Open chreman opened 9 years ago

chreman commented 9 years ago

The regex.xml looks like this (after the example here)

<compoundRegex title="dinosaurfood">
<regex weight="1.0" fields="food pre word post">((.{1,50})([Ff]ood)(.{1,50}))</regex>
<regex weight="1.0" fields="sustentation pre word post">((.{1,50})([Ss]ustentation)(.{1,50}))</regex>
</compoundRegex>

errors look like this: - groupList is len 6, fieldList is len 4

548519 [main] ERROR org.xmlcml.ami2.plugins.MatcherResult  - groupList (6; [a significant episode in the evolution of terrestrial biotas (125–80 Ma) in which the taxonomic div, ersification of angiosperms and the resulting new food resources spurred co-evolutionary radiations of, ersification of angiosperms and the resulting new , food,  resources spurred co-evolutionary radiations of, insects and some terrestrial vertebrates (e.g., herbivorous dinosaurs; Lloyd et al. 2008).

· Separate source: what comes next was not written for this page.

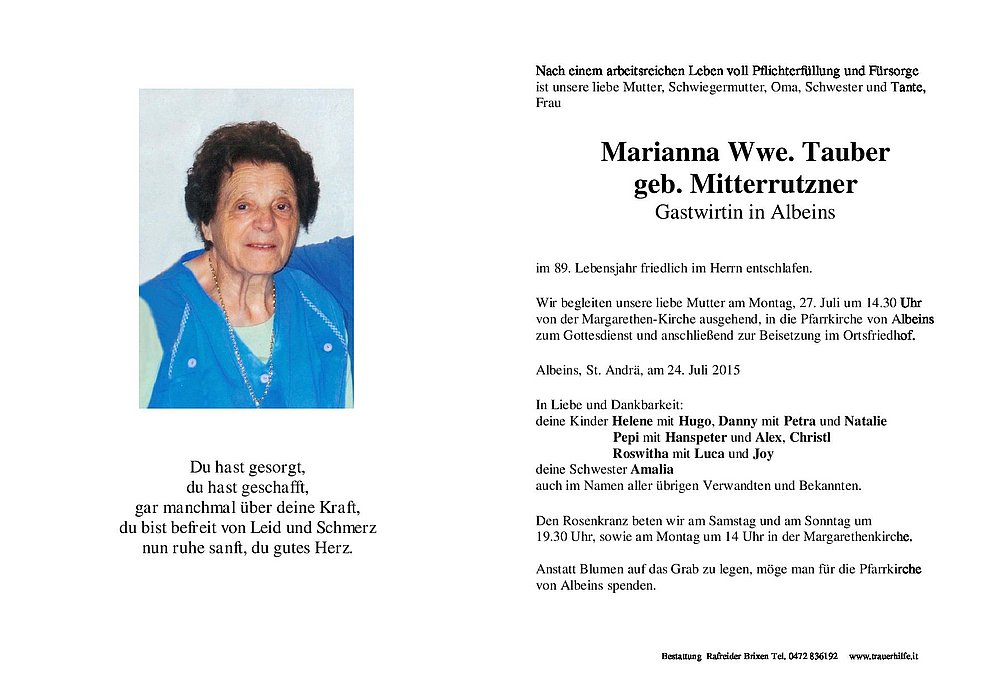 Wir begleiten unsere liebe Mutter am Montag, 27. Juli um 14.30 Uhr von der Margarethen-Kirche ausgehend, in die Pfarrkirche von Albeins zum Gottesdienst und anschließend zur Beisetzung im Ortsfriedhof.

Wilson e]) does not match fieldList (4;[food, pre, word, post])
556129 [main] ERROR org.xmlcml.ami2.plugins.MatcherResult  - groupList (6; [medium-sized and large individuals, indicates important niche partitioning between these carnivorou, s dinosaurs. The top predators at the acme of the food chain were represented by three large theropods,, s dinosaurs. The top predators at the acme of the , food,  chain were represented by three large theropods,, Lourinhanosaurus, Ceratosaurus and Allosaurus, and a very large form, Torvosaurus, functionally and]) does not match fieldList (4;[food, pre, word, post])
572041 [main] ERROR org.xmlcml.ami2.plugins.MatcherResult  - groupList (6; [With a minimum length of 612 mm, the maxilla of Torvosaurus gurneyi pertains to a very large indivi, dual positioned at the apex of the food chain in the Late Jurassic ecosystem of Iberia., dual positioned at the apex of the , food,  chain in the Late Jurassic ecosystem of Iberia., The maxilla occupies 52% ( Allosaurus) to 61% ( Yangchuanosaurus) of the skull length in the larges]) does not match fieldList (4;[food, pre, word, post])
chreman commented 9 years ago

Found the error, had to remove pre and post from the regex.xml

<compoundRegex title="dinosaurfood">
<regex weight="1.0" fields="food">([Ff]ood)</regex>
<regex weight="1.0" fields="sustentation">([Ss]ustentation)</regex>
</compoundRegex>

and add it with --context 50 50

petermr commented 8 years ago

Another aspect of testing/cleaning regex